僕は店番をするつもりで来たんだが、認識が違ってる
「悪かったな、あの爺さんがしたまじないってやつは、簡単に言うとお前を店の仮の主人として指名したってことだ」
店の主人?
「あの、急に主人とか言われてもわからないんですが、それに任されたのは店番だったはずですよ」
「いや、お前はここの主人を仮にだが任されてんだ」
たく、面倒なことしやがってと、毒づいている
そう言いたいのは、僕の方なんですけど
「とにかく、爺さんが悪かったな」
「いえ、あの、はい。
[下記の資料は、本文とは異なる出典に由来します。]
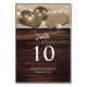 Rustikale Hochzeitskarte mit zwei Tischnummern aus Burgherzen und einem Stallholzhintergrund mit Lichtern und weißer Spitze.
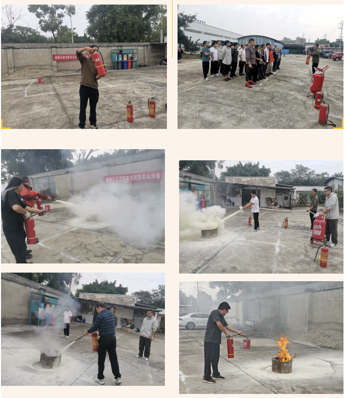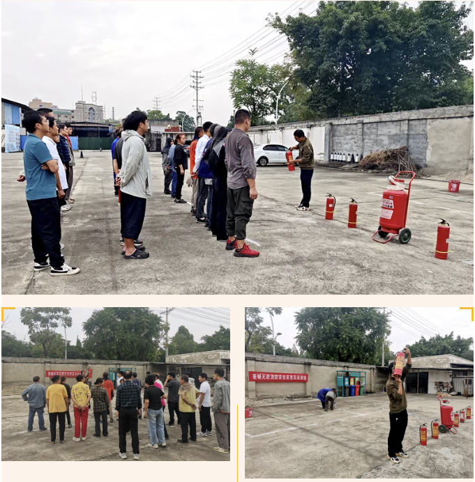 实战演练环节模拟了公司院坝与仓库车间突发火情的应急处置流程。在总指挥周琦的统一调度与现场指挥瞿洪的协调下,各应急小组分工明确、响应迅速。疏散组引导员工有序撤离至安全区域,后勤组保障物资与医疗支持,摄影组全程记录演练过程。随后,参训员工在指导下进行了灭火器实操训练,学习掌握扑救初期火灾的基本技能,切实提升“小火会灭、大火会逃”的实战能力。

とりあえず僕は主人とか無理なんで、この話は無かったことになりませんか?そちらも迷惑でしょうし」
とにかく、この話は無かったことにしたい、今すぐ逃げたい。
「悪いが、これは決定事項だ。諦めろ」
まじか。絶対めんどくさいやつだ。
「諦めろ、何死にやしないんだ。俺らがいるんだからな」
かっこいいセリフだけど、何?そんな危険なことするの?
やばい、もう帰りたい
「俺は認めてないが、まぁ、守ってやるよ仮の主人様」
「え!?何言ってるんですか?」
イケメンはずるい。男の俺でもドキドキしてしまった。
ニヤニヤしながらこっちを見てくる
絶対面白がって行っているな
「そういや、名前教えてなかったな。俺は暁月。ここの店員だ」
「はじめまして。僕は宮下 託統です。短い間ですがよろしくお願いします」
「何言ってんだ?短い間とか。あの爺さんが帰ってくるまでがお前ー、 あー、託統の仕事だ」
「はい?聞いてませんけど」
「聞いてなかったのか?」
肯定を込めて頷く
「お前、阿呆だろ。何怪しい誘いに乗ってんだ」
「しょうがないでしょ、勝手にやられたんだから!」
勝手に変なこと言われて、店長やれって言われて、暁月さんには阿呆と言われ
散々な目にしか合ってない
「とりあえず、中入れよ。詳しい話はそこでしてやるから」
そう言われて、店内へ案内されるのだった。